Это все и решило. Любые потуги на приятственность, очевидно, слетают вмиг, когда речь заходит о классовом происхождении. Рука Эдмунда метнулась под стол и возникла снова с длинным боевым кинжалом. Но увы — я в тот момент уже замахивался Куканом, и своим палочным концом он обрушился в аккурат на перевязанную руку ублюдка. Кинжал, вертясь, вылетел и приземлился на пол так, что я умудрился подхватить его носком башмака за рукоять, и он взлетел прямо мне в подставленную ладонь. (Говоря честно, мне все равно, какой рукой сражаться: годы жонглирования и обшаривания чужих карманов подготовили меня к ловкости обеих.)

Я перехватил кинжал к броску.

— Сядь! От тебя до преисподней, Эдмунд, — ровно полтора оборота клинка. Дернись, а? Я тебя очень прошу. — Он видел, как я обращаюсь с кинжалами, на дворцовых спектаклях.

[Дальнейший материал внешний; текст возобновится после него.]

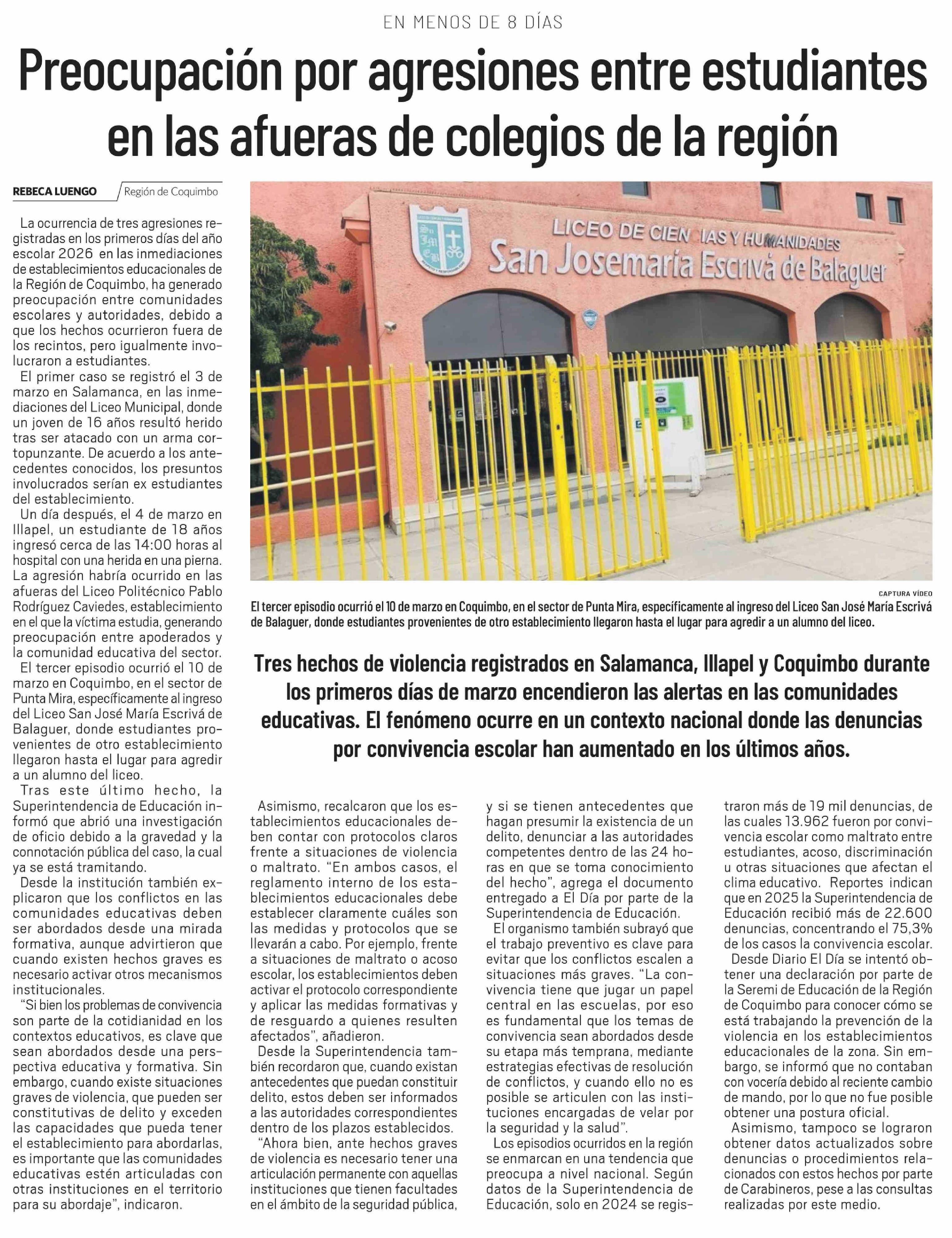 Preocupación por agresiones entre estudiantes en las afueras de colegios de la región 16-03-2026 El Día |
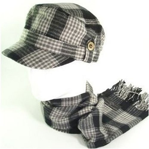 NEW LARGE PLAID STRIPE CADET MILITARY GI CASTRO CAP CABBIE CABBY DRIVER HAT CAP & LONG 12 X 72 SCARF COORDINATE SET!!! "SOFTER THAN CASHMERE" REGISTERED TRADEMARK SCARF. UNBELIEVABLY SOFT, TRULY LUXURIOUS FEEL! CADET MILITARY HAT PLAID CAP with HARD BRIM, MATCHING PATTERN , WITH SCARF, ELASTIC BACK, METAL BUTTON EMBELLISHMENT, INTERIOR LINING WITH SWEATBAND. GREAT GIFT SET! HOTTEST LOOK FOR THE SEASON, THEY WILL NOT LAST! Fabrication: 100% SUPER SOFT ACRYLIC STYLE #dyw-0834mbcdsetblk
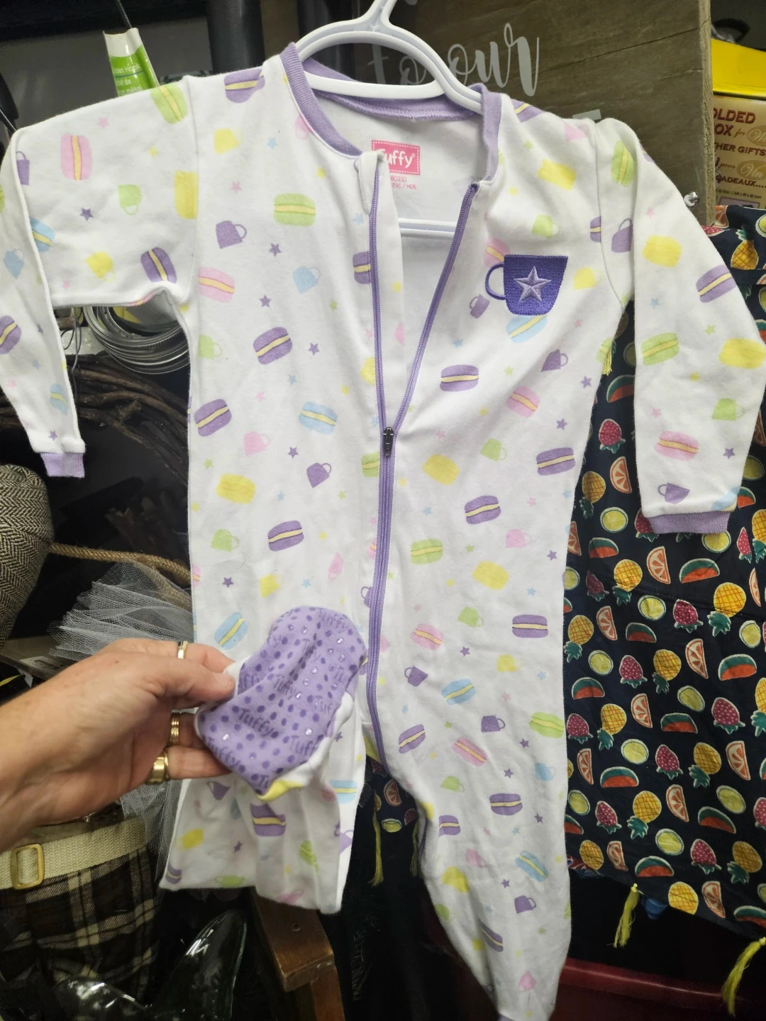 This Tuffy baby sleepsuit is perfect for cozy nights. It features a fun macaron and coffee cup print. Made for comfort and easy diaper changes with a zipper closure. Size 24 months.
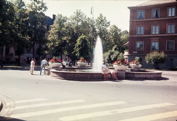 plass, fontene, blomsterkrukker, mennesker, bygårder

Ублюдок сел, баюкая раненую руку. Повязка набухла от крови. Эдмунд плюнул в меня и промазал.

— Да я тебя…

— Ай-я-яй, — покачал головой я, помахивая кинжалом. — А приятственность?

Эдмунд зарычал, но тут же осекся, потому что в покой ворвался Кент. Дверь едва не слетела с петель. Меч старого рыцаря был обнажен, а два оруженосца, влетевшие следом, только тянули свои из ножен. Кент на ходу развернулся и звезданул одному в лоб рукоятью. Парнишка рухнул, напрочь расставшись с чувствами. Засим Кент повернулся в другую сторону и клинком плашмя сбил второго юнца с ног. Тот растянулся навзничь, и дух громко вылетел из него. Рыцарь отвел руку с мечом, чтобы пронзить ему сердце уже наверняка.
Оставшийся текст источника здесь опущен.